The General asked the usual questions as to how long the cook had been at the job and whether he was a cook in civil life, to which latter question he received the reply, that the cook, in private life, was a revolving window shutter manufacturer! Not being able to carry the conversation further in that line, the General turned to the cook-house.

"Very good", he said. "No flies. Sink in good order. Brick floor. Very clean. What did the men have for breakfast this morning?".

"Porridge and bacon, Sir; and most of 'em buys a few eggs, and I fry 'em."

"Very good. And what did they have for dinner?"

Now the men had had stew for dinner, but the cook wasn't going to say so. He had not walked half a mile in the heat and sand for nothing.

"They had roast meat and baked potatoes and puddin'" he said.

"Very good, very good. That's it. Not too much stew. Feed men well, and they'll do well at any job. Very satisfactory."

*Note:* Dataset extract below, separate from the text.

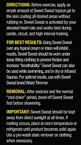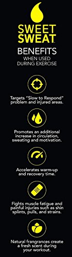 -. Binding : Health and Beauty -. Brand : Sports Research -. Feature : Sweet Sweat Targets "Slow to Respond" problem areas. / Substantially imporves Circulation & Sweating. / Encourages Motivation and Thermogenic activity during exercise. / Accelerates Warm-up and Recovery time. / Fights muscle fatigue and painful injuries such as shin splints, pulls and strans. -. Label : Sports Research -. LegalDisclaimer : *The product statements on this page have not been evaluated by the FDA. This product is not intended to diagnose, treat, or cure any disease. Actual product packaging and materials may contain more and different information than what is shown on our website. We recommend that you do not rely solely on the information presented and that you always read labels, warnings, and directions before using or consuming a product. -. Manufacturer : Sports Research -. ProductGroup : Health and Beauty -. ProductTypeName : HEALTH_PERSONAL_CARE -. Publisher : Sports Research -. Studio : Sports Research -. Title : Sports Research- Sweet Sweat Workout Enhancer - 6.4 oz Sports Stick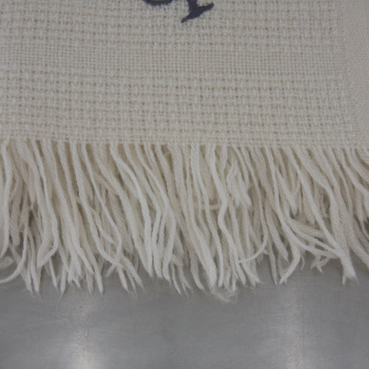 Vintage Faribo Wool/Acrylic Fringed Throw Ivory w/Initial "P" 46 X 50

The day was saved. Our cook had redeemed the honor of the Regiment; but alas, just as the General drew his bridle to move off, his eye lit on the cook's bare, hairy chest, which was. exposed by an open shirt. "Where's your identity disc?" said the General. A personal search revealed, that not only the cook, but two of his assistants were minus their discs. The General moved on without a word. And thus it was that our report of the inspection contained the dreadful sentence: "A little more attention to details would be desirable". And thus it was that our cook trod the orderly room tarpaulin next morning on a charge of "neglect, to the prejudice of good order and military discipline in that he omitted to wear his identity disc."

"There you are", said the cook, "me walkin' all that way to the Light Horse for nothin'. I wish I'd told him the men had stoo for dinner. He'd a gone that wild, he wouldn't ha' noticed the identity disc!"